A worse idea than a 2024 Biden-Cheney ticket? Expect plenty of this kind of awfulness in the next few years. And since I would like to see the end of the two-party system, it works just fine for me. I envision a fascist party on the right (most of the GOP), a progressive party on the left (most of the Progressive Caucus) and a neo-liberal/neo-conservative centrist mush, made up on corporate whores from both current parties, in between. But we have a ways to go, probably a very painful ways to go.


Tara Palmeri opened that day at Politico with a warning that the Clintons are back in the hunt: Can The Clinton's Claw Back To Relevance? The Mush. "With the Democratic Party on course for a devastating midterm election and party elder statesmen stepping in to help, people close to Bill and Hillary Clinton said the former first couple sees it as an opportunity to insert themselves back into political life. The intra-party divisions have given them a chance to flex their centrist, dealmaking brand of politics as a way to move the party forward." Ys, like Bill's deal making they brought us permission for a foreign Nazi, Rupert Murdoch, to own a communications network, the single worst thing to have happened to our country since the Civil War.


Bill Clinton has relished the opportunity to whip on behalf of the White House. In addition to pressing Manchin on the filibuster, Clinton suggested that he should salvage Build Back Better by zeroing in on the few elements the West Virginia senator really wants.
"I told Joe, 'Break it up, pick one or two [pieces] you can swallow and then run on the rest,’” Clinton recalled of their phone call, a person with knowledge of the conversation told Playbook. The idea is drawing interest among party leadership.
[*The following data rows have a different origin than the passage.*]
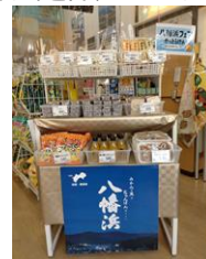
市町フェア特設コーナー
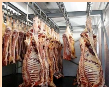
Наличие 1 убойного цеха
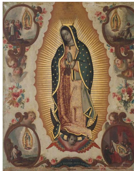
Fotografía N°4 Virgen de Guadalupe
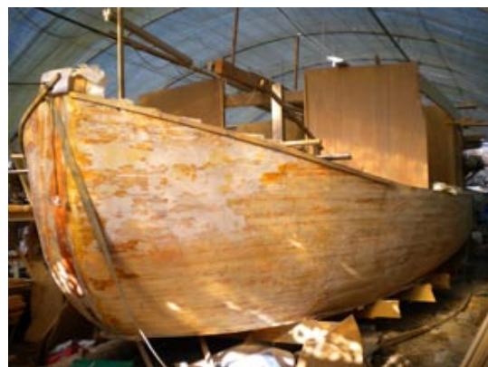
Les Amis de la Barque de Poste 1818. La barque en construction.

Comme jadis, Robert Mornet souhaite faire revivre aux passagers une aventure « authentique » et de renouer avec cet ancien mode de transport : un voyage aller de quatre jours, avec haltes gastronomiques dans les communes associées au canal du Midi. Pour en connaître davantage et découvrir toutes les étapes de la construction de cette barque, rendez-vous sur le site de l'association des Amis de la Barque de Poste 1818 : www.barquedeposte.org .
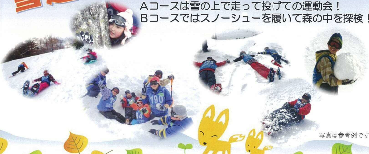
写真は参考例です

雪に覆われた真っ白な世界へ飛び出そう！ Aコースは雪の上で走って投げての運動会！ Bコースではスノーシューを履いて森の中を探検！
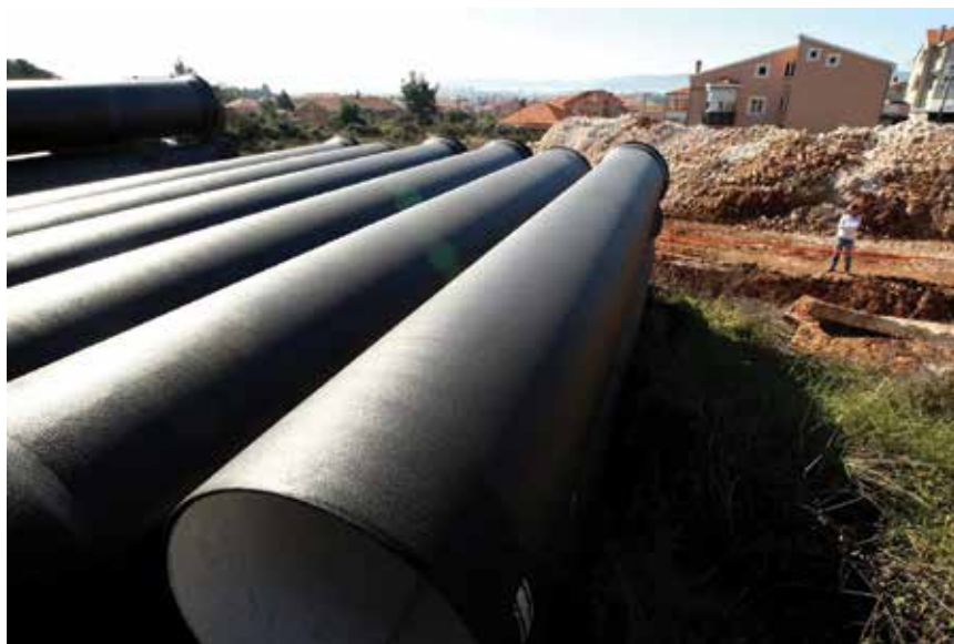
U 60 projekata vodnokomunalne infrastrukture u Hrvatskoj trenutno se ulaže 25,8 milijardi kuna

Clinton also spoke with Sinema recently, according to one of the people familiar with the call, and said afterward, “I don’t know her, but I like her.”
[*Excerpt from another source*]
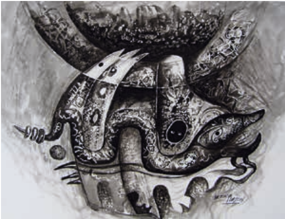
CÓDIGO: 0828 AUTOR: Hernán Illescas TÍTULO: SIMBOLOGÍA DE LOS SUEÑOS TÉCNICA: Tinta MEDIDAS: 65 x 50cm. AÑO: 2014 ECUADOR
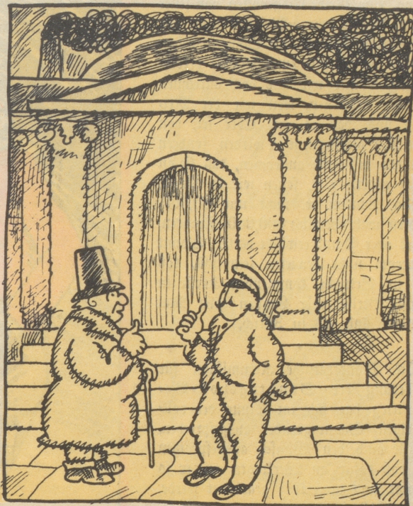
„Mit dere Kremation isch hüt nüt, de Ma isch nu schitob gfi.“ „Das isch jekt z'pot, es isch scho gheizt.“

At the same time, multiple people tell me and Daniel Lippman that the Clinton Global Initiative is strongly considering bringing back its annual star-studded confab scheduled around the U.N. General Assembly. Amid questions about conflicts of interest, CGI announced in 2016 that it would be holding its last annual conference.
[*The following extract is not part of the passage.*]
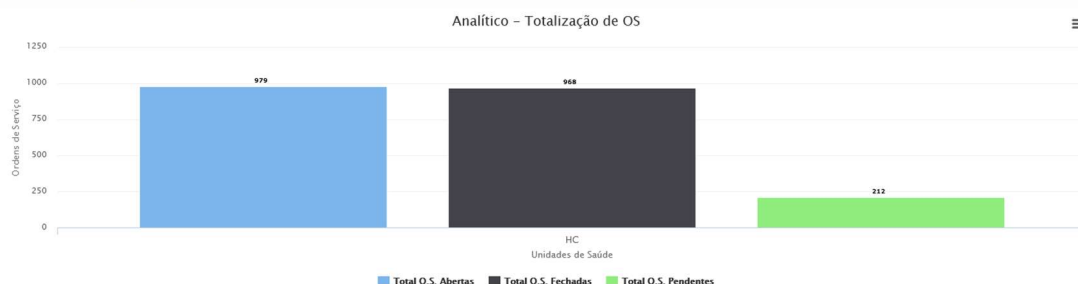
Gráfico Pizza Gráfico Coluna

The following year, Bill Clinton symbolically handed off the event to Mike Bloomberg, who launched the “Bloomberg Global Business Forum.” Those close to the Clintons say that CGI lost its relevance without its biggest event. Now people familiar with the Clintons’ thinking said they are close to making a final decision on whether to bring back the annual meeting in September.
Another factor that motivated Bill Clinton to get more engaged: the low ratings and muted public reaction to Impeachment: American Crime Story, the FX show produced by Monica Lewisnsky, according to a long-time bundler for the couple.
"It's a perpetual itch that will never go away," a person close to the couple said of the draw to public life. “They know how to slowly reenter. The Clintons want to reset the board in their favor and then move the pieces.”
As for Hillary Clinton, two people from Clinton world described pollster Doug Schoen's op-ed in the WSJ this week floating a 2024 run as a “gift” to her. Even though the people said there’s no chance she runs for president again, the attention allows her to gauge public reaction as she sets her sights on reemerging in lower-profile ways, like campaigning during the midterms or taking on policy fights.
"She's bored," the longtime Clinton bundler said of the former secretary of State, senator and first lady, who’s now hosting a MasterClass on “the power of resilience.”
The Clintons, the bundler added, "don't want to be pariahs anymore. It’s less about being kingmakers and more about being relevant and people seeing them as a net positive, not a net negative.”

What, no mention of Joe Lieberman? Blanche Lincoln? Ben Nelson? Mary Landrieu? Bob Kerrey? Except that I want to see the Democratic Party shatter-- and a Clinton resurgence would probably help that along-- I'd say the Democrats should do to Bill what the Windsors did to Prince Andrew... and for the exact same reason.